This feature should only be enabled if the whole system supports HACDBS, so 
once one cpu succeeds in request_percpu_irq() every other one should 
succeed as well.

> > +#else
> > +#define hacdbs_acpi_get_irq() (-ENXIO)
> > +#endif
> > +
> > +void __init kvm_hacdbs_init(void)
> > +{
> > +	int irq;
> > +
> > +	/* FEAT_HACDBS is only supported if Linux runs in EL2 (VHE) */
> > +	if (!system_supports_hacdbs() || !is_kernel_in_hyp_mode())
> > +		return;
> > +
> > +	irq = hacdbs_acpi_get_irq();
> > +	if (irq < 0)
> > +		return;
> > +
> > +	if (request_percpu_irq(irq, hacdbsirq_handler, "HACDBSIRQ", &hacdbs_pcp) < 0)
> > +		return;
> 
> [Severity: High]
> If request_percpu_irq() or hacdbs_acpi_get_irq() fails, the function returns
> early. Is there a global flag that needs to be unset to tell KVM that HACDBS
> hardware cleaning is unavailable?

The availability is tracked by hacdbsirq variable. Once it's set, it means 
the whole system supports hacdbs, and the IRQ is available.


> 
> If KVM later assumes hardware support is available and calls
> dirty_bit_clear() unconditionally, it might set the software status to
> HACDBS_RUNNING and wait in a wfi() loop. Since the IRQ is disabled or
> unmapped, the handler would never fire, resulting in a host hang.
>
> 
> Additionally, I have a few questions regarding the implementation of
> dirty_bit_clear() and hacdbs_start(), which appear to interact with the
> features introduced in this patch:
> 
> [Severity: High]
> In dirty_bit_clear(), is an isb() required after the write to HCR_EL2?
>

No, and __load_stage2 will do that anyway if needed, as it also sets 
registers. Also, it's done at the end of hacdbs_start()
 
> dirty_bit_clear() {
>     ...
>     write_sysreg(hcr_el2 | HCR_EL2_VM, HCR_EL2);
>     __load_stage2(&kvm->arch.mmu);
>     ...
> }
> 
> Similarly, in hacdbs_start(), is an isb() required after writing to
> SYS_HACDBSCONS_EL2?
> 

it's done at the end of hacdbs_start.

> hacdbs_start() {
>     ...
>     sysreg_clear_set_s(SYS_HACDBSCONS_EL2,
>                        HACDBSCONS_EL2_ERR_REASON | HACDBSCONS_EL2_INDEX, 0);
> 
>     br = (virt_to_phys(hw_entries) & HACDBSBR_EL2_BADDR_MASK) |
>     ...
> }
> 
> The ARM64 subsystem guidelines indicate that writes to control-plane system
> registers must be followed by an isb() as the very next instruction to
> ensure subsequent instructions do not execute with an architecturally
> undefined pipeline state.
> 

Those intructions are unrelated between themselves, the one at the end of 
hacdbs_start() should be enough.

> [Severity: Critical]
> Does the wfi() loop in dirty_bit_clear() contain a check-then-sleep race
> condition?
> 
> dirty_bit_clear() {
>     ...
>     do {
>         wfi();
>     } while (this_cpu_read(hacdbs_pcp.status) == HACDBS_RUNNING);
>     ...
> }
> 
> Although preemption is disabled, local interrupts are not disabled during this
> check. If the hardware interrupt fires after the condition is checked but
> before the wfi() executes, the CPU could service the interrupt, update the
> status to HACDBS_IDLE, return, and then execute wfi(). The CPU would then
> sleep indefinitely, causing a host hard lockup.

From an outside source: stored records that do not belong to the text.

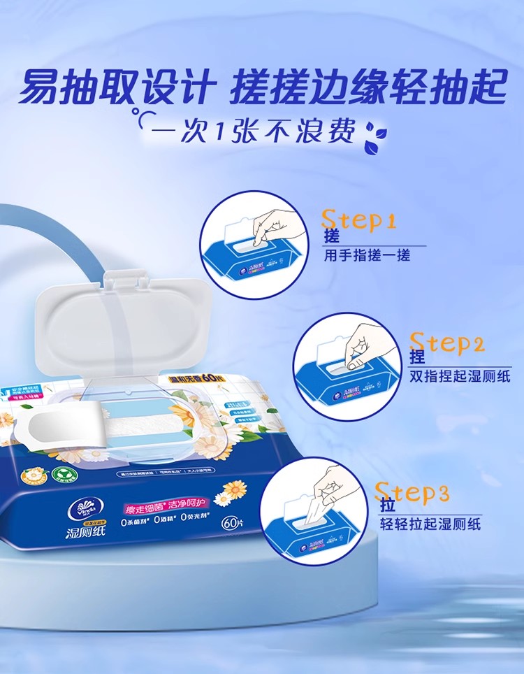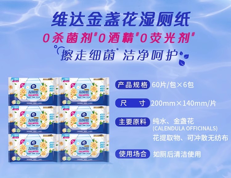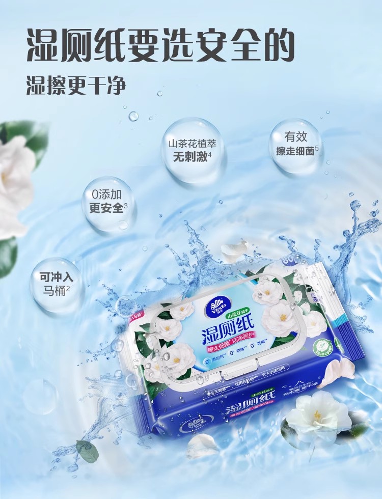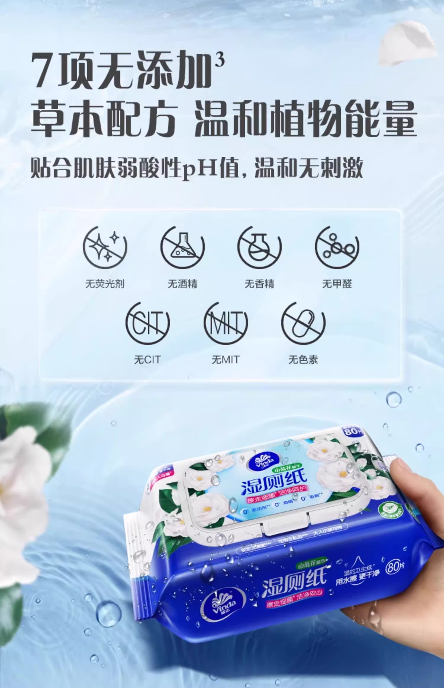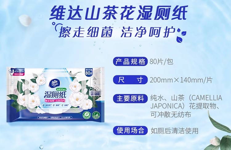 维达湿厕纸 湿巾家庭实惠装植萃山茶花80片1.37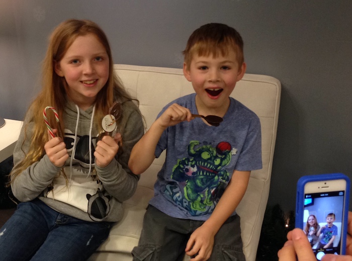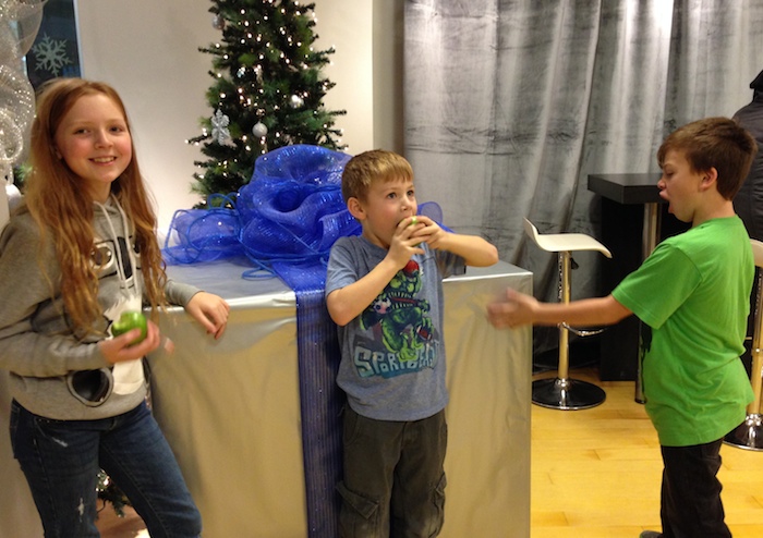 Although I was a little embarrassed at how my kids polished off and dropped a few chunks of chocolate on the all-white table (sorry to anyone from there reading this), they were so thrilled to be there. The bickering stopped, they posed for pictures with the huge gift, smiled while they devoured the treats, and even ate a few apples.
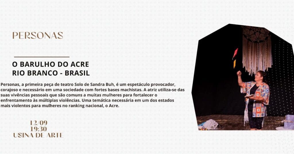 As companhias de teatro Cia Tanto Lá Quanto de Cá e a Cia Cata-Ventos de Cultura, realizam, entre os dias 11 e 17 de setembro, em Rio Branco (AC), o Festival Internacional de Cultura, Artes e Teatro (FICATE). Ao todo, serão 12 apresentações, que serão realizadas em lugares distintos da capital como: Praça da Revolução, Sesc-Centro e Usina de Artes João Donato.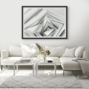- Denne plakat forestiller en tredimensionel abstraktion af geometriske trekanter. Illusionen af rum og præcise linjer skaber en moderne, minimalistisk komposition, der er ideel til stilfulde interiører.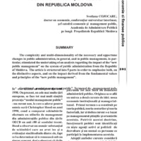 The complexity and multi-dimensionality of the necessary and opportune changes in public administration, in general, and in public management, in particular, stimulated the undertaking of an analysis regarding the impact of the “new public management” on the system of public administration from the Republic of Moldova. The article is structured into 5 parts in order to emphasize both, on the distinctive aspects, and on the impact derived from the fundamental values and principles of the “new public management”.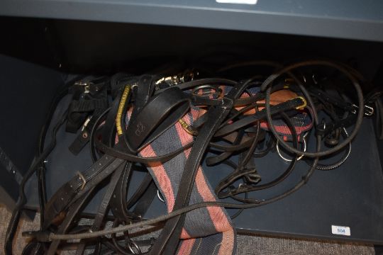 Full size horse tack comprising of a poll training aid, lunge head collar, a cir single,A full bridle with brass brow band, a bridle less nose band and a dimonte headband, a martingdale and draw reigns, curb reigns with martingdale attachment, D-rings , a curb chin guard and a lip strap.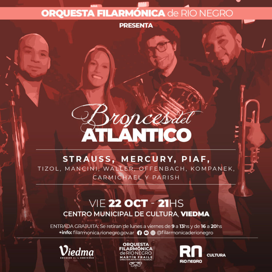 Este viernes 22 de octubre, a las 21, el ensamble de la Filarmónica de Río Negro “Bronces del Atlántico” realizará un nuevo concierto en la Sala Mayor del Centro Municipal de Cultura.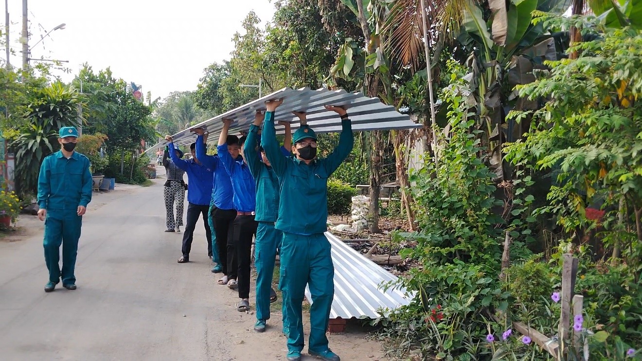Đoàn viên, thanh niên xã Phú Hữu vận chuyển từng tấm tôn mới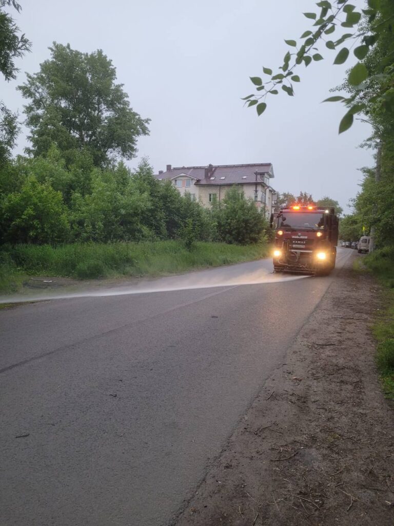 АО «Мезенское дорожное управление» проводит работы по содержанию улично-дорожной сети Архангельска. На городских дорогах работают специализированные машины: проводится механическая очистка и мойка проезжей части, обрабатываются тротуары, парковочные и автобусные карманы, а также прилотковая зона. Ведётся покос травы в рамках сезонного благоустройства.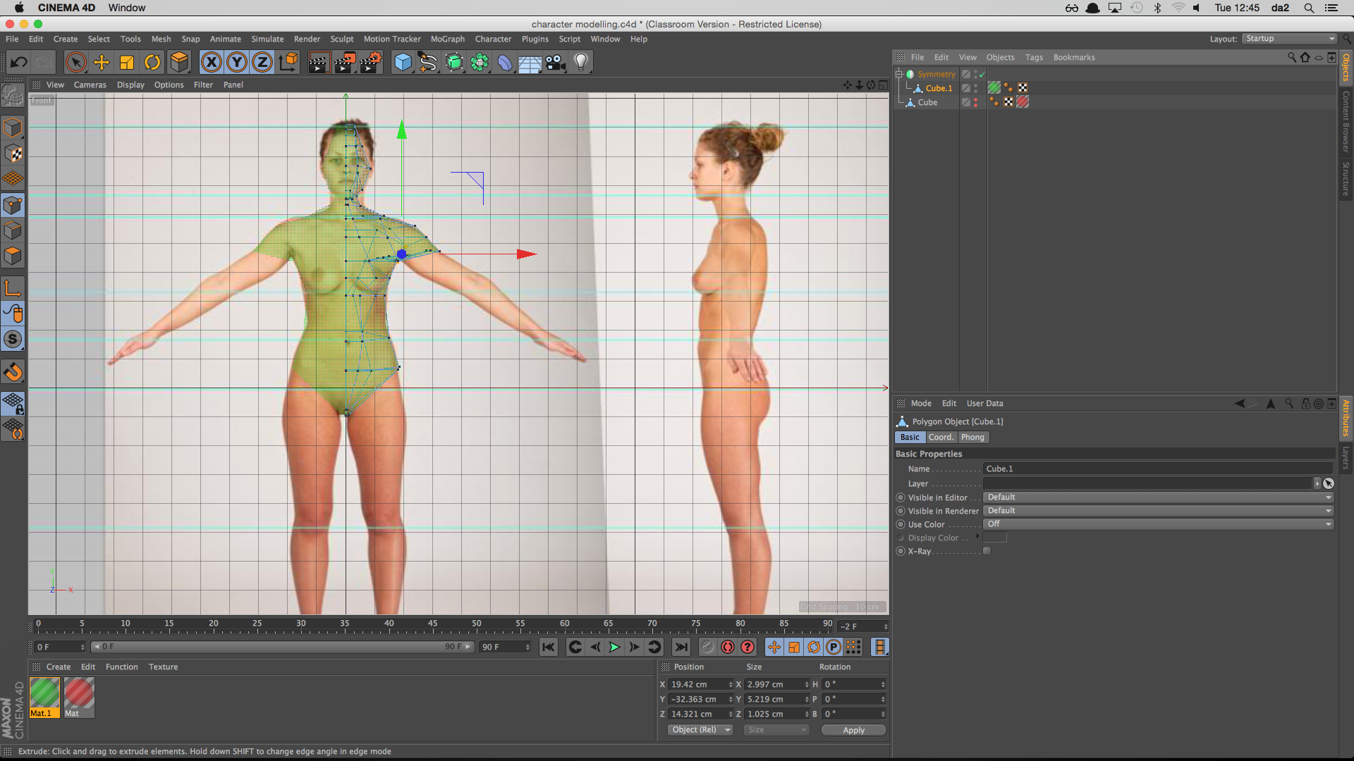 We set the background of the front and side views with picture of someone in a cruciform character modelling pose, and loaded in a cube.

Until the next interrupt, though. Very unlikely, but possible.

Maybe a WFIT (timeout), then?

> 
> [Severity: High]
> In hacdbs_start(), is a memory barrier like `dmb ish` required before starting
> the hardware engine?
> 
> hacdbs_start() {
>     ...
>     if (size_b < size_p2)
>         hw_entries[size] = HDBSS_ENTRY_VALID | HDBSS_ENTRY_TTWL_RESV;
>     ...
>     write_sysreg_s(br, SYS_HACDBSBR_EL2);
>     isb();
> }
> 
> A sentinel stop entry is written to the memory buffer before writing to
> SYS_HACDBSBR_EL2 to enable the engine. Since system register writes are not
> inherently ordered with respect to memory stores, the hardware engine might
> begin reading before the stop entry is visible in coherent memory.
> 

And that could mean possibly running though entries that are not supposed 
to be valid, but could be because we are talking about random data.
So we need to make sure the write buffer is clear before setting the 
register.

Thanks
Leo